# [WORK TO COMPLETE]
The answer is to be the lines below that lie between the line holding "競馬場の中には厩舎も設置され" and the line holding "как правильно пишется", inclusive, transcribed exactly and free of pictures.

# [INFORMATION]
== Segment start ==

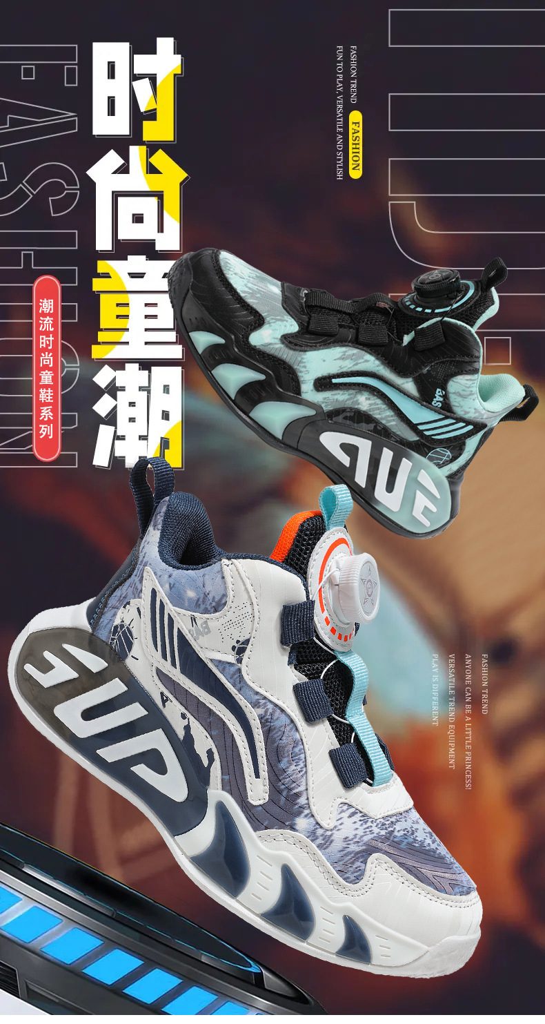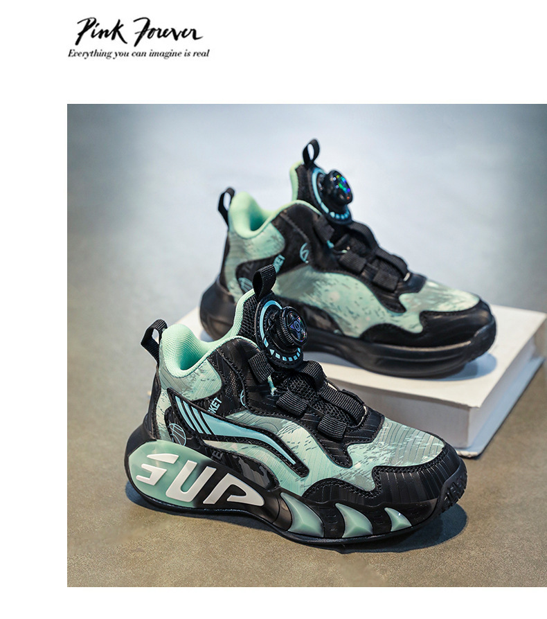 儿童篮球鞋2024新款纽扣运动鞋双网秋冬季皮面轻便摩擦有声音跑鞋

== Segment end ==
== Segment start ==

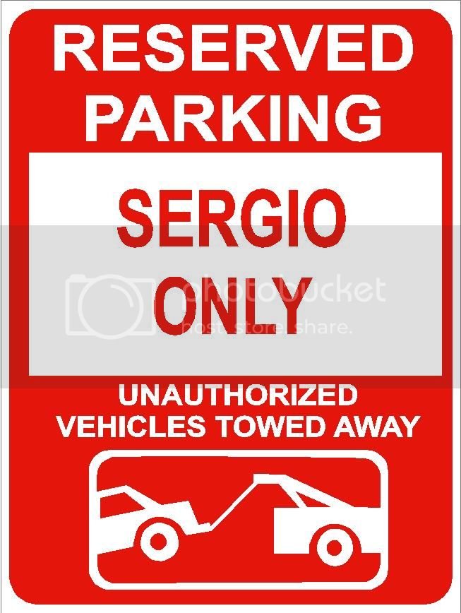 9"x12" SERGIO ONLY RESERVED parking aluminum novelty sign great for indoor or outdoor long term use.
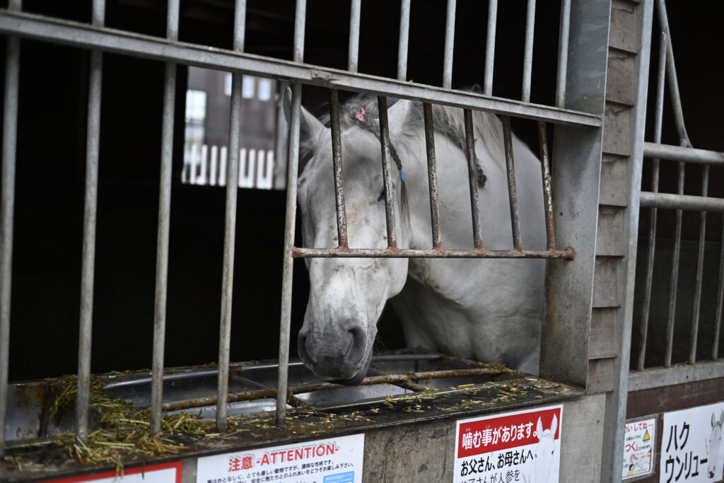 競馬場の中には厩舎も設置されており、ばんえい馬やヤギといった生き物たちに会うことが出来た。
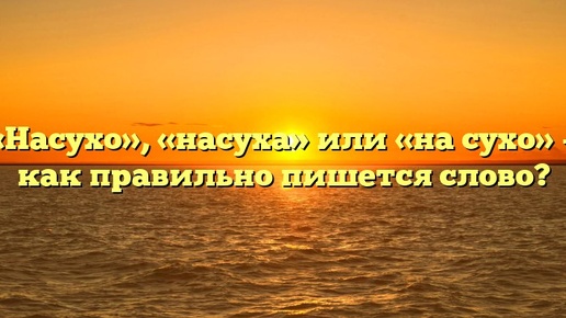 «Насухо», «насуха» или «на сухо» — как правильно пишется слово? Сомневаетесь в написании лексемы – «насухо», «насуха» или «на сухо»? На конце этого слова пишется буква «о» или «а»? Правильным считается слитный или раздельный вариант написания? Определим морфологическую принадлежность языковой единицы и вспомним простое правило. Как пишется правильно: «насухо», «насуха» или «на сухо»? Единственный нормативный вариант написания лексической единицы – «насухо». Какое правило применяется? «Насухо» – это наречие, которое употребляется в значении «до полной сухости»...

== Segment end ==

# [RESPONSE AREA]
 競馬場の中には厩舎も設置されており、ばんえい馬やヤギといった生き物たちに会うことが出来た。
 «Насухо», «насуха» или «на сухо» — как правильно пишется слово? Сомневаетесь в написании лексемы – «насухо», «насуха» или «на сухо»? На конце этого слова пишется буква «о» или «а»? Правильным считается слитный или раздельный вариант написания? Определим морфологическую принадлежность языковой единицы и вспомним простое правило. Как пишется правильно: «насухо», «насуха» или «на сухо»? Единственный нормативный вариант написания лексической единицы – «насухо». Какое правило применяется? «Насухо» – это наречие, которое употребляется в значении «до полной сухости»...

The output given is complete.